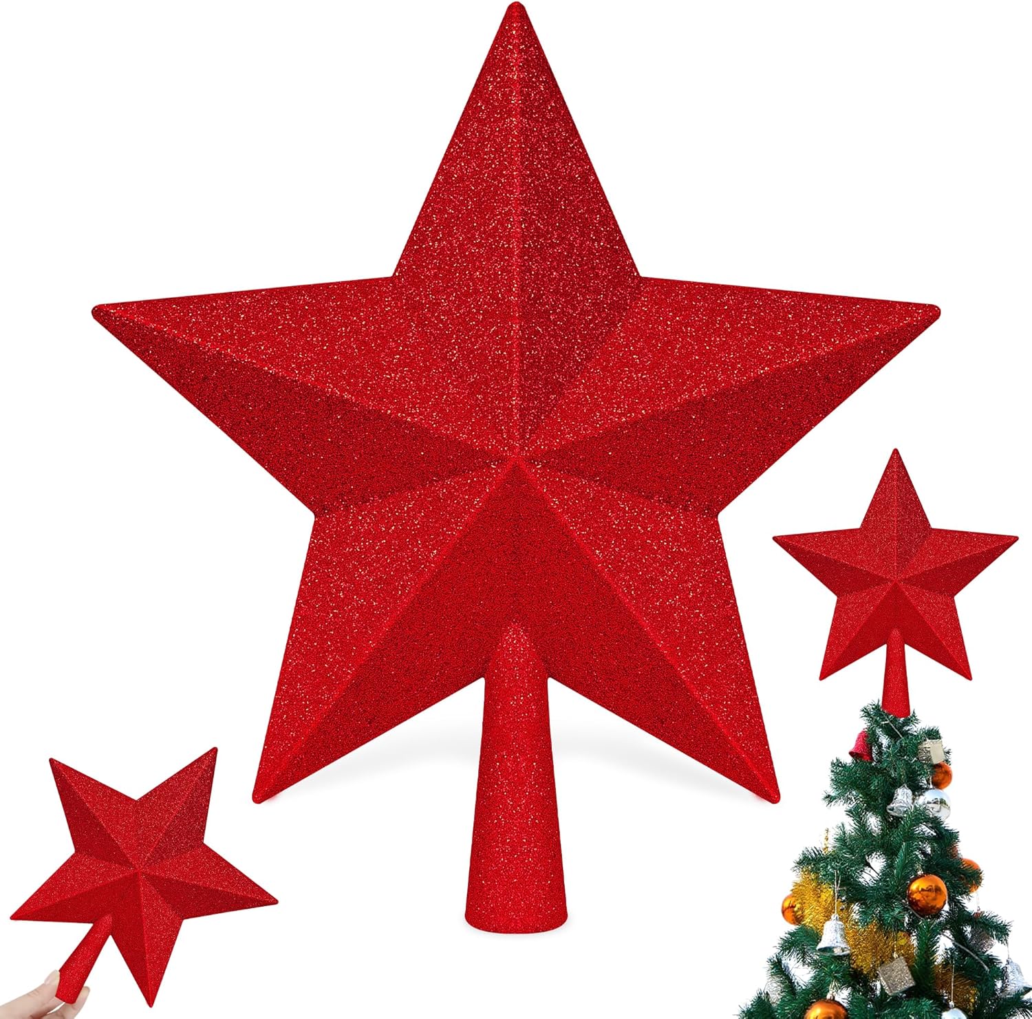 Star Tree Topper, 10" Red Christmas Tee Topper Decorations, Glitter 3D Xmas Bethlehem Star Waterproof Shatter-Proof, Christmas Tree Topper Ornament Decor for Christmas Holiday Party Indoor Outdoor
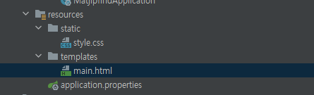 이제 리소스 폴더 내의 static에 style.css 를 위치해주고, templates 안에 main.html을 위치해주면 된다.
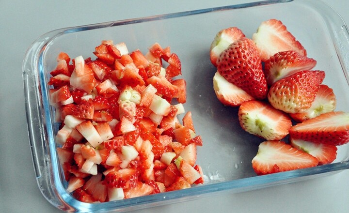 13. 准备新鲜草莓,大块用于装饰,小块用于夹层
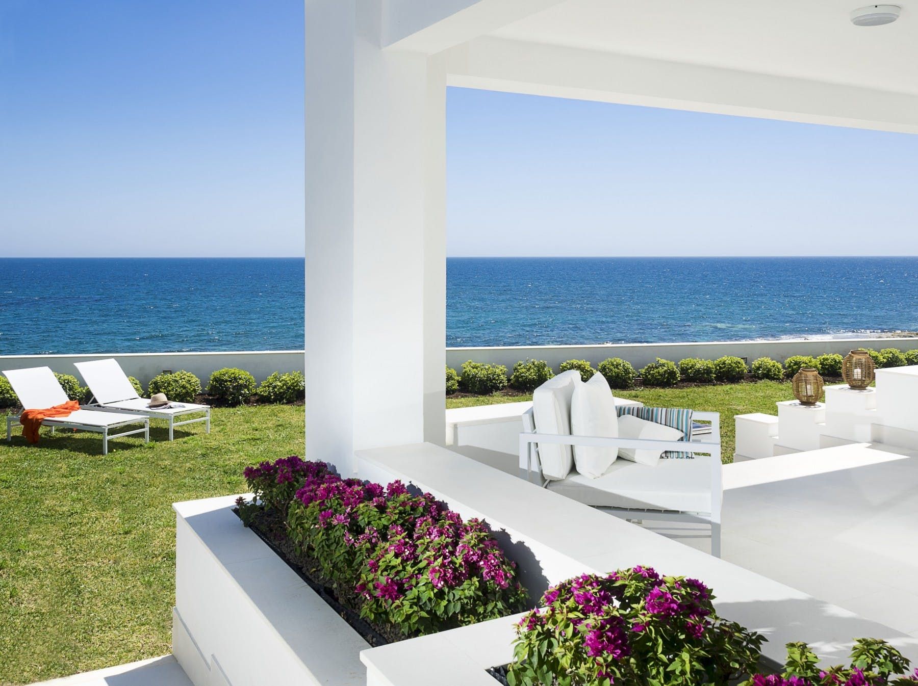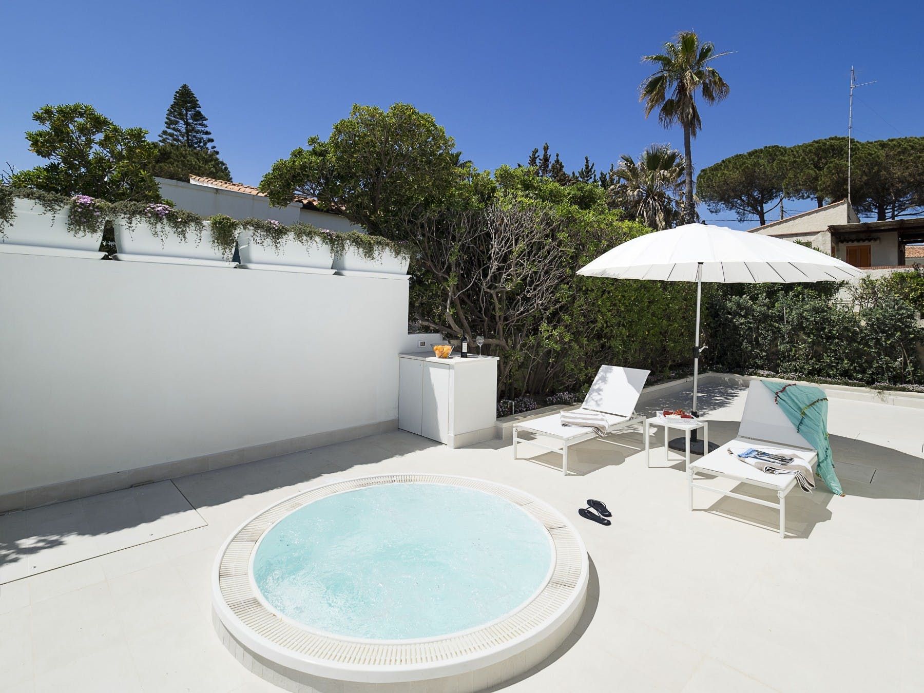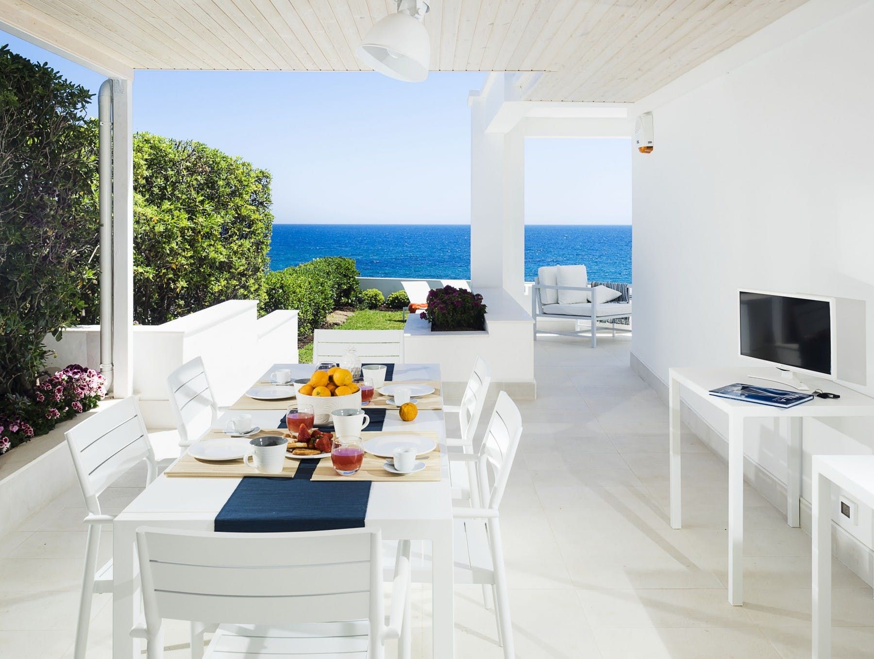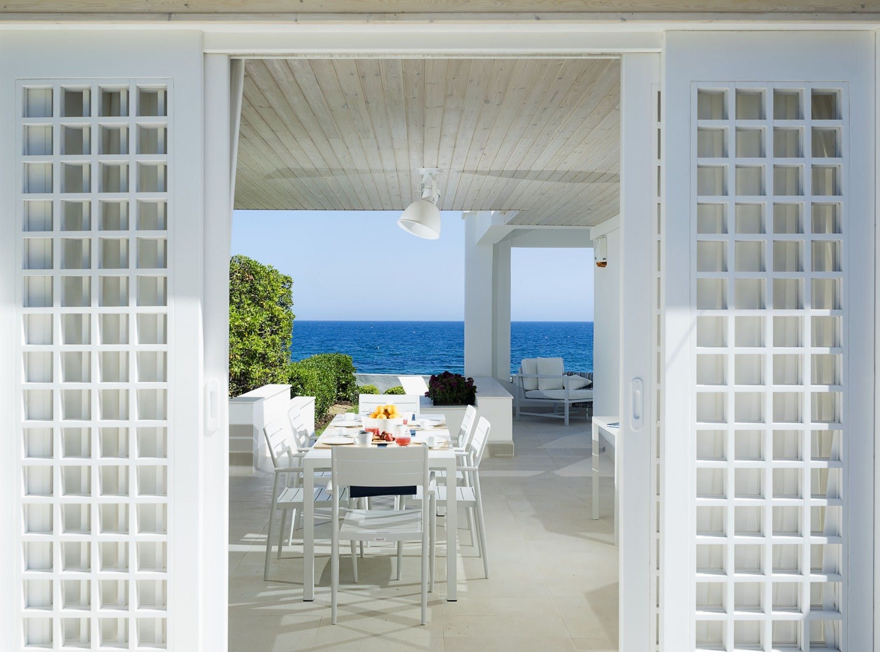 The epitome of serene, this seafront home is just steps from the soft white sands of Fontane Bianche. It sits on Sicily's south coast and overlooks the endless, two-tone blue of the horizon gliding over the Mediterranean Sea. It's delightfully peaceful, tucked away behind pruned-to-perfection hedges and a lush garden, promising privacy. Yet despite feeling completely secluded, it's well-connected to the ancient cities of Syracuse and Noto, only twenty-five minutes away by car.

**Action item**
In the listing above, find the line containing "13. 准备新鲜草莓,大块用于装饰,小块用于夹层" and restate it and every later line verbatim, with the pictures left out.

**Response to the exercise**
 13. 准备新鲜草莓,大块用于装饰,小块用于夹层
 The epitome of serene, this seafront home is just steps from the soft white sands of Fontane Bianche. It sits on Sicily's south coast and overlooks the endless, two-tone blue of the horizon gliding over the Mediterranean Sea. It's delightfully peaceful, tucked away behind pruned-to-perfection hedges and a lush garden, promising privacy. Yet despite feeling completely secluded, it's well-connected to the ancient cities of Syracuse and Noto, only twenty-five minutes away by car.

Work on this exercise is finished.